Massive Probleme bereitet zudem das US-Werk in Cartersville, der größte außereuropäische Automotive-Standort der voestalpine, "unser größtes internes Problem", wie der Konzernchef es nannte. Infolge von "externen Auftragsverlagerungen" musste eine hohe Rückstellung gebildet werden. Es kam zu "signifikant höheren Anlaufkosten" für die zweite Werksgruppe, die nun noch im Hochfahren ist und erst ein Jahr später als ursprünglich geplant in Betrieb geht statt "vor sechs oder neun Monaten". Die Höhe der Zusatzkosten wollte er nicht bekanntgeben.

Nur soviel: "Das war zusammenfassend gesagt etwas überambitioniert", sagte Eder. "Da kam Druck aus der Automobilindustrie, die den Boom nutzen wollte." Die Voest musste Mitarbeiter aus Europa einfliegen, "das haben wir zurückfahren können", so der CEO. "Das Werk wird die ursprünglich geplante Dimension annehmen, die gleichen Stückzahlen produzieren", stellte er in Aussicht. Der Unterschied sei "die gestreckte Zeitleiste" - "statt 2021 wird das nun 2022 sein". Der Hochlauf werde sich gegenüber der Planung "möglicherweise um ein Jahr verschieben, aber das heißt nicht, dass wir in einem Jahr so lieferfähig sein werden, wie wir es heute sein sollten", meinte Eder. "Die theoretische Maximalauslastung werden wir wahrscheinlich ein Jahr später erreichen."

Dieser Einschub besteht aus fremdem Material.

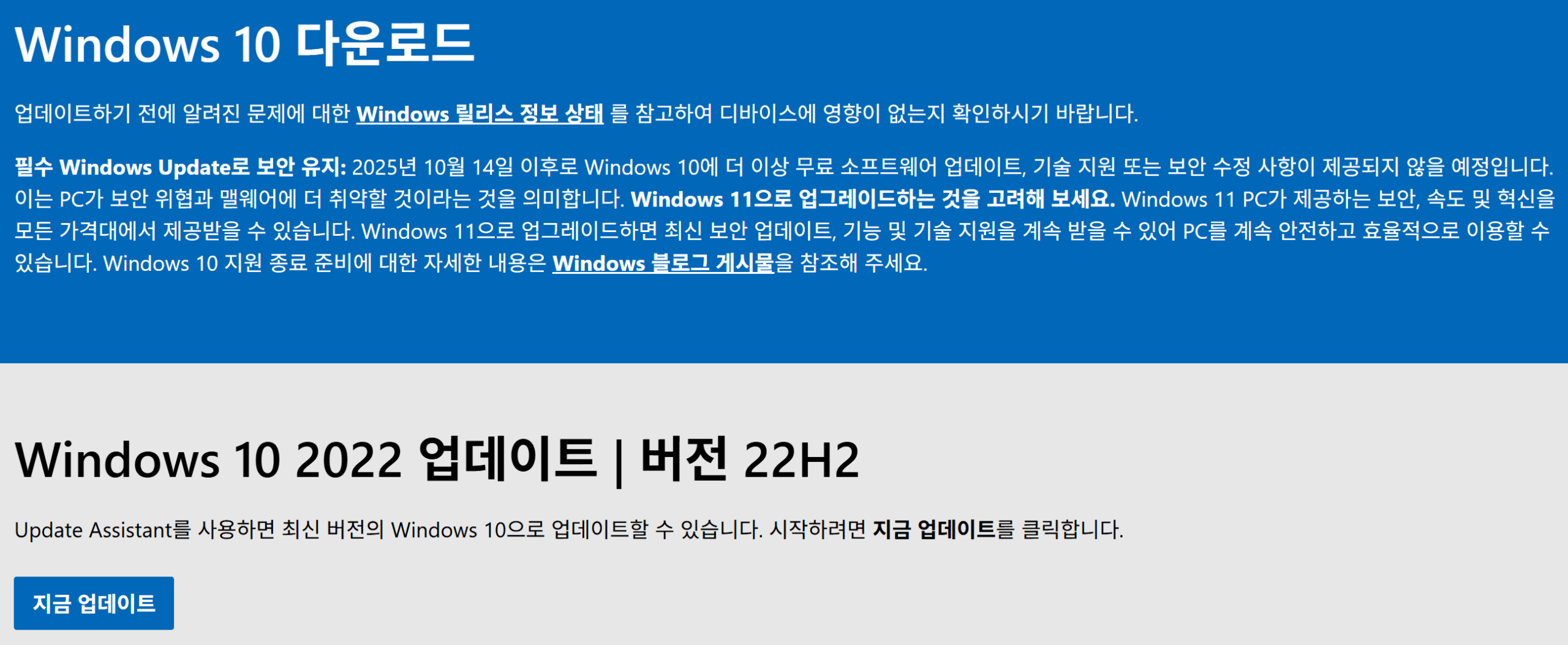 윈도우 업데이트를 통해 업그레이드가 원활하지 않거나, 새로 설치를 원하는 경우 활용할 수 있는 방법입니다.

Eder ist eigenen Angaben zufolge jedenfalls "zuversichtlich, dass Cartersville schon in einem Jahr überhaupt keine Probleme mehr macht". Das Problem dort sei "die Komplexität des Zusammenbaus der Teile", "die Verknüpfung dieser überaus komplizierten Wertschöpfungskette". Und der Konzernchef weiters: "Es tut weh, nun einen erhöhten Betrag in die Optimierung stecken zu müssen." Eine Reihe von Aufträgen mussten zwischenzeitlich an Konkurrenten abgegeben werden. Das erste Automotive-Werk in Cartersville ging 2015/16 in Betrieb. Das Unternehmen hat dort den Angaben zufolge bisher 130 Mio. Euro investiert.

Kartellverfahren.

Als dritten "hausgemachten Sonderpunkt" nannte der voestalpine-Chef die Vorsorge für das in Deutschland anhängige Kartellverfahren im Grobblechbereich. Die dafür zurückgelegte Summe wollte er nicht nennen. Die voestalpine erwartet laut Eigenangaben "womöglich noch vor dem Sommer" weitere Ermittlungsschritte durch das deutsche Bundeskartellamt. Mit einem Abschluss des Verfahrens rechnet sie allerdings "nicht in nächster Zeit".